= DATA SHOWN =
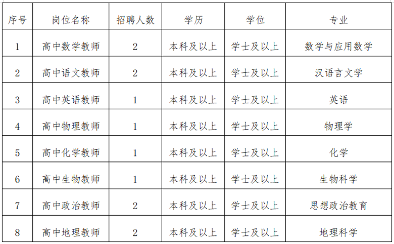 2.招聘岗位及人数:高中数学教师2名,高中语文教师2名,高中英语教师1名,高中物理教师1名,高中化学教师1名,高中生物教师1名,高中政治教师2名,高中地理教师2名。
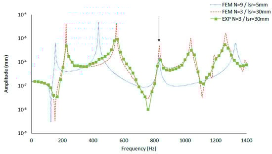 CFRE drum shell amplitude vs. frequency obtained by modal FEM and experimental analysis (lsr stands for the length of the structural reinforcement and N the number of layers). Reproduced under a Creative Commons Attribution 4.0 International License [16]. Copyright 2019, MDPI.
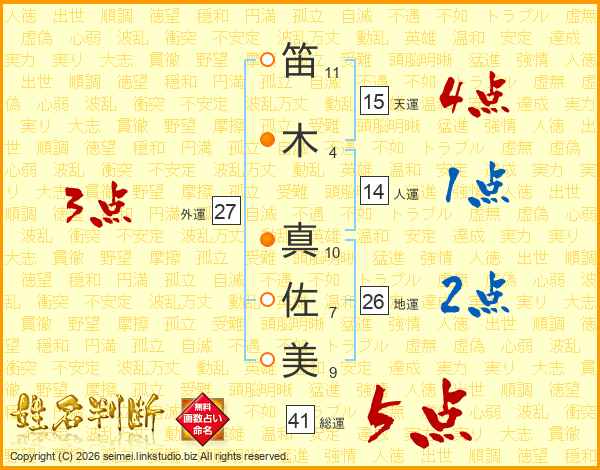 笛木真佐美さんの総運は41画の5点!
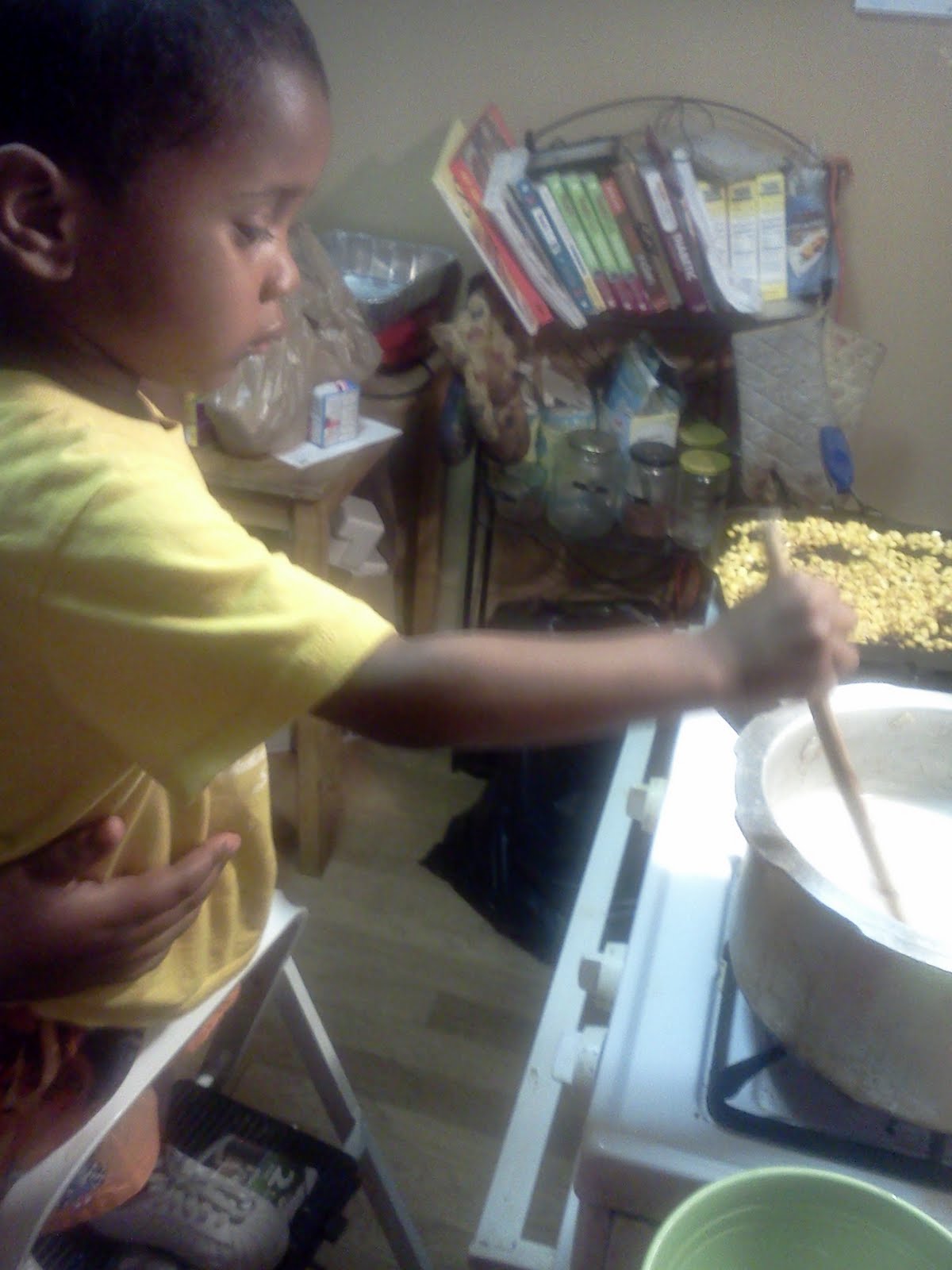 This day I had to scrub down my whole kitchen before cooking (because it was driving me nuts) and did all the stray dishes in the house. My three year-old nephew Isaiah was visiting and, come to find out, he LOVES to cook. So after all that cleaning and managing a pint sized sous chef (and documenting THAT for the future blog post), I was just too darn tired to snap a pic of the chowder when we finally ate. And the little suckers inhaled it.

= ACTIVITY =
When the line that holds "CFRE drum shell" is reached, begin duplicating exactly, and continue through the last line of the listing, skipping the pictures; output nothing else.

= REPLY =
 CFRE drum shell amplitude vs. frequency obtained by modal FEM and experimental analysis (lsr stands for the length of the structural reinforcement and N the number of layers). Reproduced under a Creative Commons Attribution 4.0 International License [16]. Copyright 2019, MDPI.
 笛木真佐美さんの総運は41画の5点!
 This day I had to scrub down my whole kitchen before cooking (because it was driving me nuts) and did all the stray dishes in the house. My three year-old nephew Isaiah was visiting and, come to find out, he LOVES to cook. So after all that cleaning and managing a pint sized sous chef (and documenting THAT for the future blog post), I was just too darn tired to snap a pic of the chowder when we finally ate. And the little suckers inhaled it.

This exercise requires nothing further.